Stored items
------
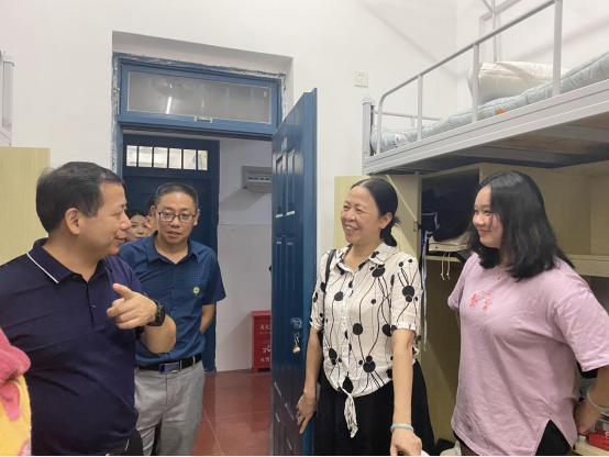 新学期伊始,为进一步做好学院常态化疫情防控工作,落实好学生新宿舍搬迁和宿舍安全管理工作,2021年9月4日、5日,院长刘文开、副院长罗立仪带领艺术传媒系党总支书记陈政、系主任曾秀云、学生科长兼团总支书记叶章球以及全体辅导员分别走访了艺术传媒系江南校区、天麟校区的学生宿舍,为学生送去关心和问候。
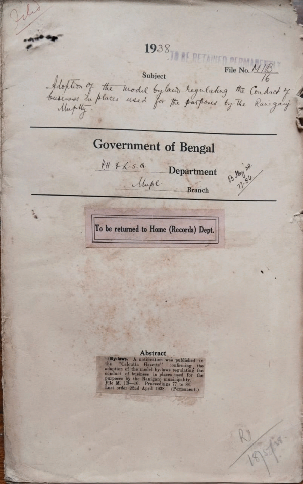 | Rack No. 12, Bundle No. 11, Sl No. 727 Election of a commissioner of the Muktagacha Municipality. | Rack No. 12, Bundle No. 11, Sl No. 728 Payment of a Special allowance to Mr. Niharch Deputy magistrate, Calcutta Improvement Trust. | Rack No. 12, Bundle No. 11, Sl No. 729 Amendments of the G.P. Fund (Bengal Service) rules. | Rack No. 12, Bundle No. 11, Sl No. 730 Adoption of the model bye-laws regulating the conduct of business in places used for the Purposes by the Ranjganj Municipality. | Rack No. 12, Bundle No. 11, Sl No. 731 Amendments to Fundamental rule 81. | Rack No. 12, Bundle No. 11, Sl No. 732 L.A. by the Santipur Municipality for a burial ground at Santipur. | Rack No. 12, Bundle No. 11, Sl No. 733 L.A. by the Dacca Municipality for the extension of municipal office compound. |
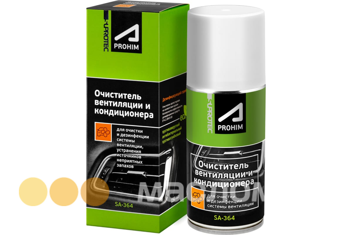 Очиститель кондиционера уничтожает подавляющее большинство видов бактерий и вирусов (среди них вирусы гриппа, гриппа H1N1, гриппа H5N1). После обработки салона действующие компоненты состава остаются на воздушном фильтре салона и уничтожают вирусы ГРИППА и других заболеваний в течение месяца;
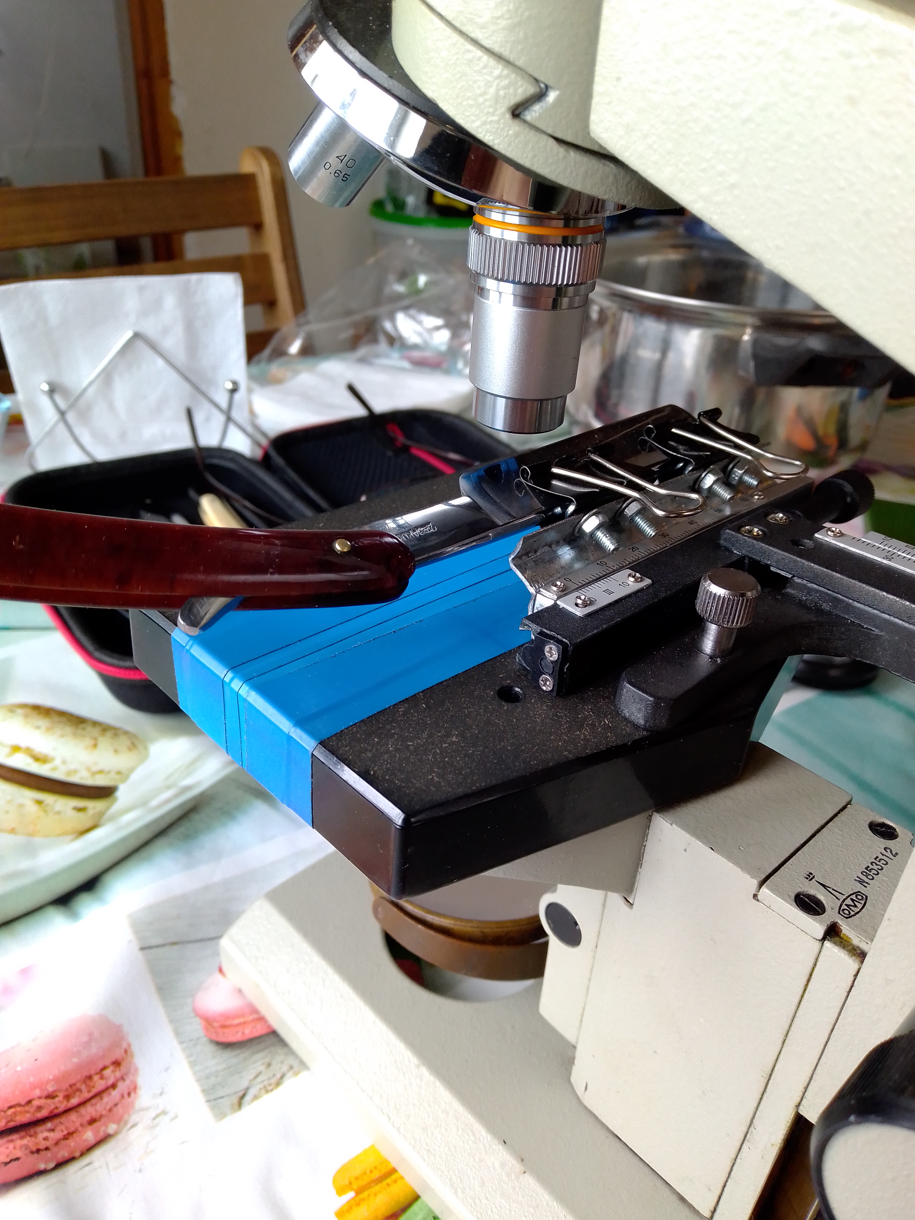 Поделюсь доработкой микроскопа - механической системой прокрутки, позволяющей комфортно рассматривать режущую кромку . В связи с дороговизной координатного столика нашего производства, на алиэкспресс был куплен координатный столик (поиск на Алиэксспрес по словам: Attachable Mechanical Stage X-Y). На котором были откручены держатели стекол. Вместо держателей прикрутил кронштейн из оцинковки с канцелярскими скрепами. Главное на кронштейне выгнуть правильно углы. В качестве информации окуляр использую х7. Объективы: в основном х8, в случае если нужно лучше присмотреться, то переключаюсь х10. Вполне хватает. У нас три времени года: грязь засохла, грязь намокла и грязь замерзла.
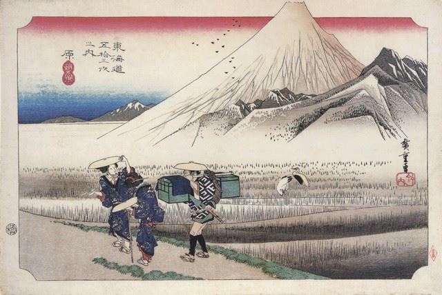 Artist: Utagawa Hiroshige - Title: Travellers Passing Mount Fuji - Medium: Fine Art Giclee on Canvas - Image Size: Approximately 13.25 inches x 20 inches - Unframed on Unstretched Canvas - Biography: (1797 - 12 October 1858) Hiroshige 's print s convey the beauty of Japan and provide insight into the everyday life of its citizens during the Edo period. The appeal of his tender, lyrical landscapes was not restricted to the Japanese audience.Hiroshige 's work had a profound influence on the Impressionists and Post-Impressionists of Europe: Toulouse-Lautrec was fascinated withHiroshige 's daring diagonal compositions and inventive use of perspective, while Van Gogh literally copied two ofHiroshig's prints from the famous series, 100 Famous Views of Edo in oil paint. - The borders may not be even inHiroshig's images. Please refer to the image.
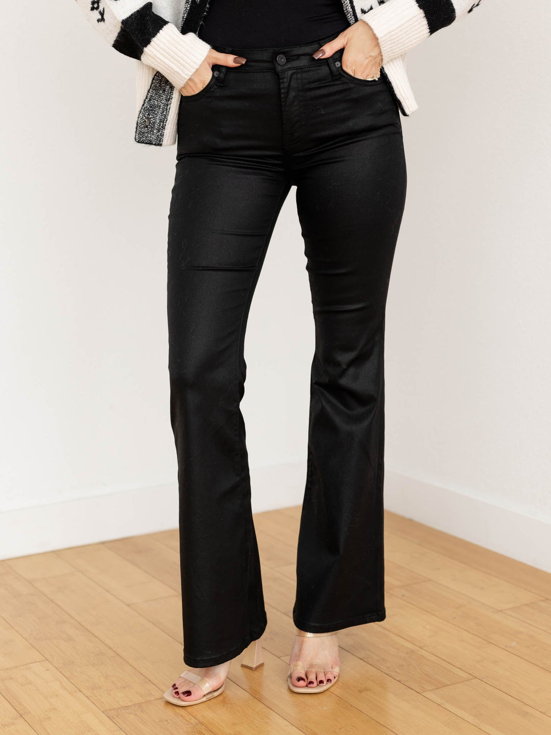 Elevate your night-out game with this chic black flare. The coated fabrication gives it that polished, dressier edge—perfect for transitioning from day to evening without missing a beat. With a mid-rise fit and flared silhouette, it's got the retro-cool factor that pairs effortlessly with heels and a top for an instant sophisticated look. The longer 33" inseam keeps things sleek and elongated. One piece, endless styling possibilities.
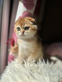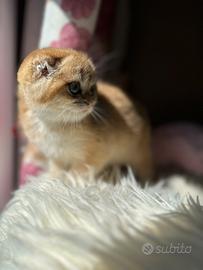 Allevamento De Russel vende cucciola di razza scottish fold golden, nata 13/12/2024 , vaccinata , ha un carattere molto affettuosa e socievole . Genitori visibili, negativi Fiv, Felv, pkd1 , Fcov
------
**What you should do:** Output should consist of the lines above from the one with "Очиститель кондиционера уничтожает" down to the one with "Artist: Utagawa Hiroshige", exact and without pictures.

**Solution to this problem:**
 Очиститель кондиционера уничтожает подавляющее большинство видов бактерий и вирусов (среди них вирусы гриппа, гриппа H1N1, гриппа H5N1). После обработки салона действующие компоненты состава остаются на воздушном фильтре салона и уничтожают вирусы ГРИППА и других заболеваний в течение месяца;
 Поделюсь доработкой микроскопа - механической системой прокрутки, позволяющей комфортно рассматривать режущую кромку . В связи с дороговизной координатного столика нашего производства, на алиэкспресс был куплен координатный столик (поиск на Алиэксспрес по словам: Attachable Mechanical Stage X-Y). На котором были откручены держатели стекол. Вместо держателей прикрутил кронштейн из оцинковки с канцелярскими скрепами. Главное на кронштейне выгнуть правильно углы. В качестве информации окуляр использую х7. Объективы: в основном х8, в случае если нужно лучше присмотреться, то переключаюсь х10. Вполне хватает. У нас три времени года: грязь засохла, грязь намокла и грязь замерзла.
 Artist: Utagawa Hiroshige - Title: Travellers Passing Mount Fuji - Medium: Fine Art Giclee on Canvas - Image Size: Approximately 13.25 inches x 20 inches - Unframed on Unstretched Canvas - Biography: (1797 - 12 October 1858) Hiroshige 's print s convey the beauty of Japan and provide insight into the everyday life of its citizens during the Edo period. The appeal of his tender, lyrical landscapes was not restricted to the Japanese audience.Hiroshige 's work had a profound influence on the Impressionists and Post-Impressionists of Europe: Toulouse-Lautrec was fascinated withHiroshige 's daring diagonal compositions and inventive use of perspective, while Van Gogh literally copied two ofHiroshig's prints from the famous series, 100 Famous Views of Edo in oil paint. - The borders may not be even inHiroshig's images. Please refer to the image.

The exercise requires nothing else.